Но с сахаром и в самом деле существовала проблема. Наверное, каждому известно, что сахар изначально добывался из тростника, доставлялся в Европу из Индии, известны истории плантаций сахарного тростника на Американском континенте. Некоторые знают и о том, что, будучи весьма энергоемким производством (сахар производился выпариванием, что требовало невиданного количества дров), переработка сахарного тростника привела к частичному, а иногда даже полному (как на Барбадосе, например) исчезновению лесов.

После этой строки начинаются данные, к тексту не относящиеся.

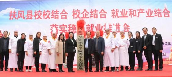 11月12日,今年会院长王新丽带领学院中西餐专业和酒旅管专业师生前往扶风县宝鸡郡智技工学校,参加扶风县校校结合、校企结合、就业和产业结合落实稳岗就业推进会暨优质生源基地揭牌仪式,并为参会人员带去精彩表演。

Сахар был дорог и ценен. В эпоху Средневековья на душу населения приходилась примерно одна чайная ложка в год.

При этом понятно, что такое «на душу населения» — крайне небольшое число людей уминали сахар килограммами, а подавляющее большинство европейцев даже не представляли себе ни вида, ни уж тем более вкуса этого продукта.

Говорят, что недостаток сахара сказывается как-то на восприятии человеком действительности, но история и последствия недостатка серотонина, «гормона счастья», в организме наших предков еще ждут своих исследователей, мы же поговорим о переломе этой тенденции.

Словом, поиски заменителя сахарного тростника были естественным и логичным шагом, может, и непонятным тем самым широким народным массам, которые о сахаре ничего, кроме названия, не знали, но в научных кругах эта тема обсуждалась несколько столетий — сводясь, впрочем, к чисто умозрительным рассуждениям о том, чем именно тот или иной исходный продукт может быть лучше (или хотя бы ненамного хуже) сахарного тростника.

Сахар был известен в европейской культуре еще с античных времен, его доставляли издалека, с родины сахарного тростника, из Индии и Индонезии. Понятно, что потребление было количественно ничтожным, так как сахар был баснословно дорог

Свои эксперименты со свеклой Маркграф толком не продолжил, что вовсе не означает, что он был раздавлен общественным мнением, — нет, просто его, ученого чрезвычайно разностороннего (впрочем, в те годы узких специалистов и не существовало, все были разносторонними — может, в этом и есть секрет необыкновенной креативности и эффективности их открытий и достижений), влекли новые высоты и задачи. Он занимался базовыми химическими процессами, выстраивал технологии получения щелочей, калия и натрия (которые до него даже не умели определять и разделять), получения цинка и т.д.

Что касается сахара из свеклы, то у Маркграфа хватило душевных сил и жизненной стойкости вообще не заметить насмешников — годом позже он повторяет свой доклад в Париже, причем парижское собрание ученых отнеслось к услышанному куда с большим вниманием, чем берлинские коллеги Маркграфа. Оказывается, подобные идеи (не о свекле, а о поиске альтернативы сахарному тростнику) обсуждались во Франции и раньше. Впрочем, в Париже, как и ранее в Берлине, всё ограничилось обсуждениями и до практического применения в те годы так и не дошло.

Среди учеников Маркграфа в какой-то момент обратил на себя внимание мэтра Франц Карл Ахард, потомок беженцев-гугенотов. Среди берлинских ученых Ахард считался талантищем (академиком он станет в 22 года!), и, как и положено ученому того времени, таланты его были разносторонними. В начале своей карьеры, например, он увлекся электричеством и даже написал работу о повышении мыслительных усилий под воздействием электричества — король Пруссии Фридрих II был в восторге и говорил, что если это открытие добавит ума хотя бы половине его советников, то ценность такого открытия невозможно будет измерить золотом.

К счастью для советников короля, да и для человечества вообще, до массового применения электричества с целью прибавления ума дело всё-таки не дошло, но король обратил внимание на энергичного юношу — отныне Ахард дважды в неделю докладывал королю о новостях науки, открытиях, достижениях и планах. Нельзя сказать, что юный талант был просто выскочкой и королевским фаворитом, как о нем судачили недоброжелатели (завистников, понятно, хватало, и число их постоянно росло — учитывая и характер Ахарда, и его самостоятельность мышления). Ахарду довольно рано пришла в голову идея о том, что колониальные товары можно не возить издалека, а буквально «приземлять» в родные почвы. Он всерьез считал, что это будет достойный экономический ответ Пруссии, которая стала ему родной, колониальным сверхдержавам того времени — Англии, Франции, Голландии, Испании.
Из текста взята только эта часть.